Under federal law, when multiple lawsuits involving “one or more common questions of fact” are filed in separate courts, the petitions are consolidated and heard by one court chosen at random. The procedure is often used to handle product liability and antitrust cases, when thousands of lawsuits may be consolidated and heard by a single court.

The 6th Circuit Court of Appeals has won the lottery to hear legal challenges to the Biden administration’s vaccine rule that affects some 84 million workers.

The Biden administration rule was formally issued on Nov. 5 by the Occupational Safety and Health Administration. Lawsuits challenging the rule came in quick succession. Within 10 days, 34 lawsuits were filed, covering all 12 regional circuit courts and giving each of those courts one entry into the lottery.

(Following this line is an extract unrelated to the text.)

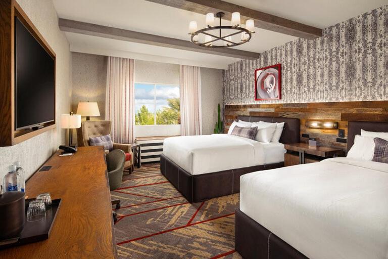 This newly reopened hotel, where boutique comfort meets the rustic charm of a modern lodge, is located less than 5 miles from the Las Vegas Strip and features its own 90,000-square-foot casino. It offers a free scheduled shuttle to Harry Reid International Airport with 24-hour advance reservations.
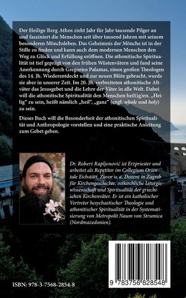 Der Heilige Berg Athos zieht Jahr für Jahr tausende Pilger an und fasziniert die Menschen seit über tausend Jahren mit seinem besonderen Mönchsleben. Das Geheimnis der Mönche ist in der Stille zu finden und kann auch dem modernen Menschen den Weg zu Glück und Erfüllung eröffnen. Die athonitische Spiritualität ist tief geprägt von den frühen Wüstenvätern und fand seine Anerkennung durch Gregorios Palamas, einen großen Theologen des 14. Jh. Wiederentdeckt und zur neuen Blüte gebracht, wurde sie aber in unserer Zeit, u.a. von Metropolit Naum von Strumica. Im 20. Jh. verbreiteten athonitische Altväter das Jesusgebet und die Lehre der Väter über Paris und England bis nach Amerika. Heute gehört die athonitische Spiritualität nicht nur zur orthodoxen Kirche, sondern wird auch in der katholischen Kirche als gemeinsames Erbe von Ost und West angesehen. Dabei will die athonitische Spiritualität den Menschen heil(ig)en. "Heilig" zu sein, heißt nämlich "heil", "ganz" (engl. whole und holy) zu sein. Die Mönche des Heiligen Berges möchten nicht von der Welt fliehen, sondern sie möchten erst einmal allein "ganz Mensch" werden, um dann der Welt dienen zu können und mit ihr All-Eins zu werden. Große Altväter, wie Sophrony von Essex oder Ephraim von Arizona, haben bewusst ihre Erfahrungen aus der Stille des Athos der westlichen Welt zugänglich gemacht und so auch modernen Menschen geholfen, Gott zu suchen und zu finden. Das Buch will die Besonderheit der athonitischen Spiritualität und Anthropologie vorstellen und praktische Anleitung zum Gebet geben.

A report by NPR claims the 6th Circuit Court of Appeals, based in Cincinnati, Ohio, is known to lean conservative, with most of its judges appointed by Republican presidents. Six were appointed by President Donald Trump and five were appointed by President George W. Bush, while a total of five were appointed by Democratic Presidents Bill Clinton and Barack Obama.

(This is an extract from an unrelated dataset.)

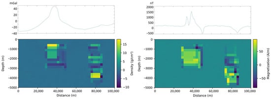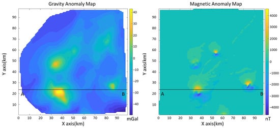 The actual data used in this study are from the central–southern region of Jussara, Goias State, Brazil. The Bouguer gravity anomaly and total magnetic anomaly of the region are depicted in Figure 8. We selected the observation data from traverse line AB for inversion using the GMNet machine learning method. Traverse line AB is approximately 10,000 m long, and due to the limited number of measurement points, we interpolated it to obtain 101 observation points spaced at 100 m intervals. These data were processed to meet the requirements of GMNet. The network architecture and parameter settings remained the same as before. Considering the various uncertainties in real data, and to mitigate the impact of underground model parameter variations on the inversion results, we modified the training samples used for network training. We extended the previously used 1300 training samples to a larger subsurface space, with a length of 100,000 m and a depth of 5000 m. Similarly, the underground two-dimensional space was set as 800 (20 rows × 40 columns) rectangular cells, but each cell had a length of 2500 m. The distribution and shape of these samples did not change significantly. In addition, to enhance the accuracy of the inversion results, we generated 640 additional sample sets with the same scale of the samples intended for the prediction for network training. The training time was approximately 30 min, and the prediction time was less than 1 s.

It will now be up to the 6th Circuit to decide whether to lift the stay issued by the 5th Circuit. A three-judge panel temporarily blocked the OSHA rule one day after it took effect and reaffirmed that decision last Friday, calling the rule “a one-size-fits-all sledgehammer that makes hardly any attempt to account for differences in workplaces (and workers).”

While a majority of the lawsuits seek to overturn the OSHA rule, several labor unions went the other way. They sued saying the rule does not go far enough to protect workers from COVID-19. The rule does not apply to employers with fewer than 100 workers.

The union lawsuits were mostly filed in courts that either have a majority of judges appointed by Democratic presidents or are evenly split.

But an article in Politico speculates that that the legal challenges are likely to end up in front of the Supreme Court, where a conservative majority seems ripe to limit the federal government’s ability to police workplaces in emergencies more broadly.

Some of the arguments made in the cases could “have serious implications on the constitutionality” of other OSHA rules and regulations, said Benjamin Noren, associate chair of the Labor and Employment group at the law firm Davidoff Hutcher & Citron.